■ About this exercise
Your response should consist of the entire listing, transcribed exactly, with every image left out.

■ The data
◇ ◇ ◇ ◇
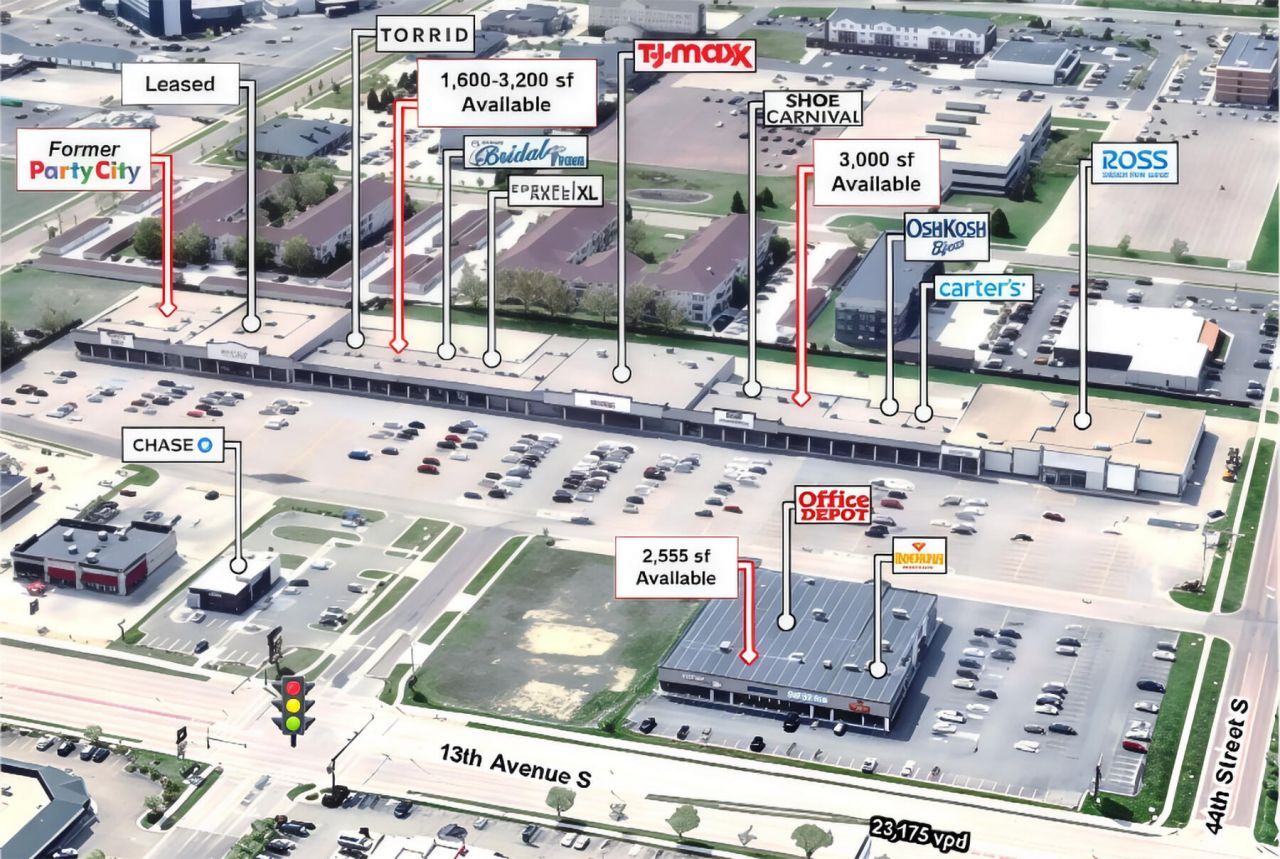 Former Party City - 12,021 sf;Additional spaces - 1,600-3,200 sf;Building and pylon signage available. Excellent visibility from 13th Avenue S.
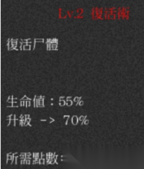 主要包含:复活术,技能消耗,狂暴和伤害转移,每个技能特点突出,但需要足够的技能点,升1级可获得1点。
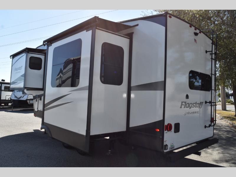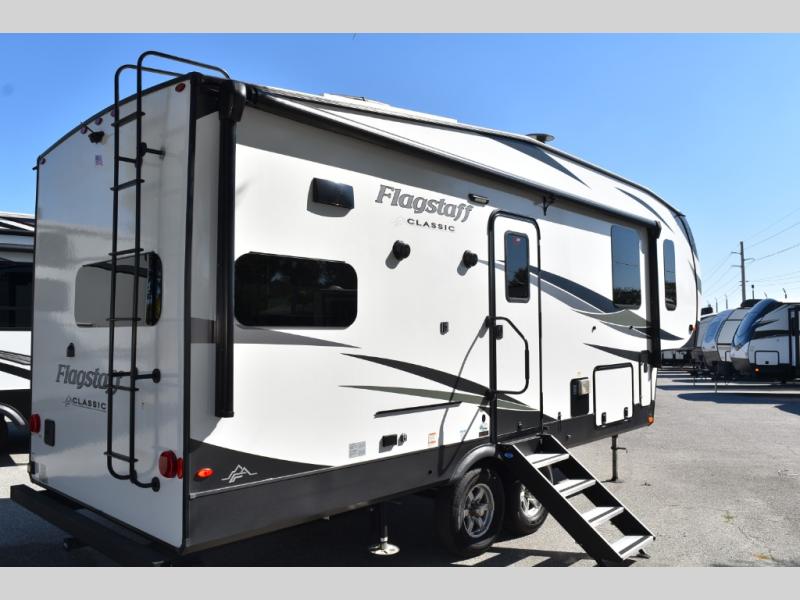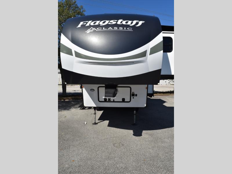 Each one of these Forest River Flagstaff Classic fifth wheels or travel trailers will be your home on wheels! Their quality craftsmanship and attention to detail shines through the surface-coated steel I-beam frame on fifth wheels, the enclosed underbelly, the radius roof with vaulted interior ceilings, and six-sided fully aluminum-framed floor, walls, and roof. Towing your unit will be easy with the torsion axle, Rubber-Ryde suspension, power tongue jack, and nitrogen-filled Goodyear Endurance tires. You will even reduce your use of water with the Showermiser water saving system in the bathroom. A few other convenient features you will enjoy include a control panel with WeRV app control, an upgraded backlit headboard, and an outside shower with hot and cold water. Come choose your favorite one today!
◇ ◇ ◇ ◇
■ Task response
 Former Party City - 12,021 sf;Additional spaces - 1,600-3,200 sf;Building and pylon signage available. Excellent visibility from 13th Avenue S.
 主要包含:复活术,技能消耗,狂暴和伤害转移,每个技能特点突出,但需要足够的技能点,升1级可获得1点。
 Each one of these Forest River Flagstaff Classic fifth wheels or travel trailers will be your home on wheels! Their quality craftsmanship and attention to detail shines through the surface-coated steel I-beam frame on fifth wheels, the enclosed underbelly, the radius roof with vaulted interior ceilings, and six-sided fully aluminum-framed floor, walls, and roof. Towing your unit will be easy with the torsion axle, Rubber-Ryde suspension, power tongue jack, and nitrogen-filled Goodyear Endurance tires. You will even reduce your use of water with the Showermiser water saving system in the bathroom. A few other convenient features you will enjoy include a control panel with WeRV app control, an upgraded backlit headboard, and an outside shower with hot and cold water. Come choose your favorite one today!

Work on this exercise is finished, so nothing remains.